Tipo di tesi
Tesi di laurea magistrale
Titolo
NP-Hardness of minimizing BWT runs for consecutive texts under collection permutations
Corso di studi
INFORMATICA
Parole chiave
- Extended Burrows Wheeler Transform
- NP-Hard
Data inizio appello
17/10/2025
Riassunto (Italiano)
Investigation of the differences between real and theoretical compressors, focusing on how compressing portions of a collection (rather than the whole concatenated text) affects compressibility and how reordering data can improve it. We analyze approaches from the literature, in particular phylogenetic re-ordering: the fact that EBWT positional clustering can be used to construct phylogenetic trees motivates framing the problem in terms of BWT runs. We formalize the task as optimizing compression rate by minimizing BWT runs over consecutive texts under collection reordering; the number of consecutive texts spanned by a sliding window is an additional parameter that we call the window size k. We prove the problem is NP-hard: first for the simple case k = 2, and then for every fixed k>1 via a reduction from the Hamiltonian Path problem.
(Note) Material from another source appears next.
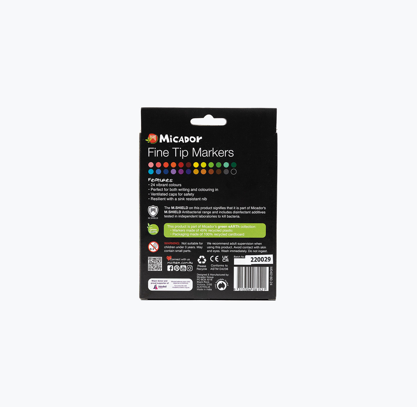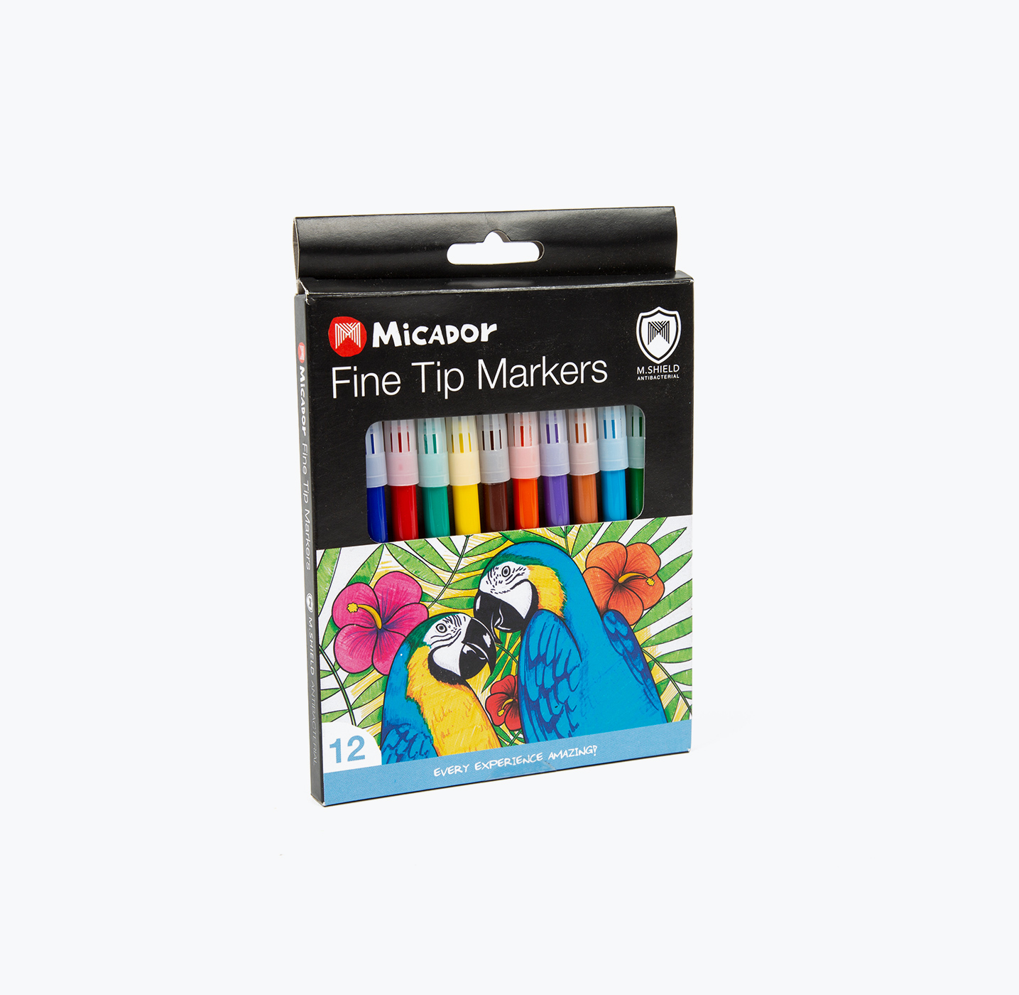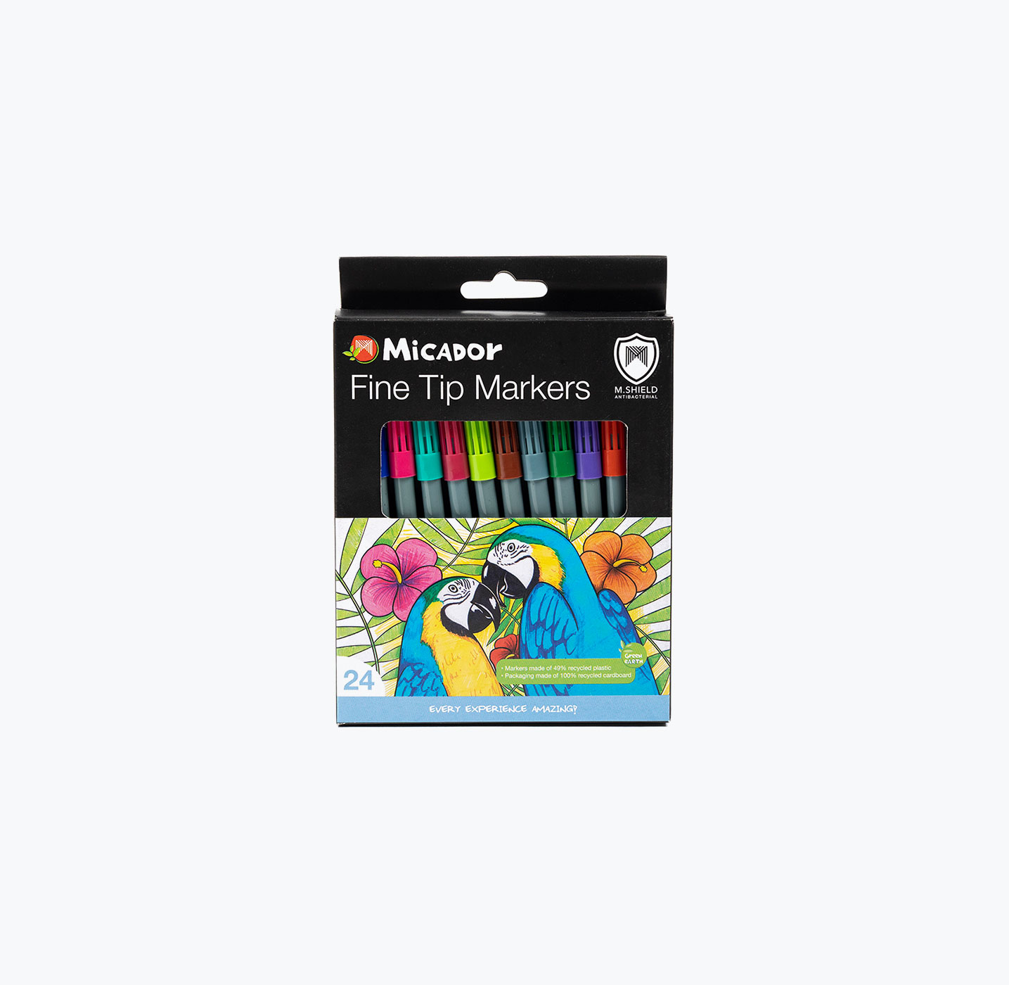 Fine Tip Markers offer vibrant colour on paper and can be used for writing or drawing. Includes M.SHIELD disinfectant additives to kill bacteria, as well as featuring ventilated caps for safety and sink resistant nibs for longevity. Ideal for the home or classroom and available in a pack of 12 or 24.

Concretely, given a directed graph we construct a set of texts whose minimum total EBWT runs equals a value that depends only on the graph’s number of vertices and on k if and only if the original graph has a Hamiltonian path. This construction establishes the problem’s intractability under standard assumptions and motivates further analysis and the search for practical heuristic methods.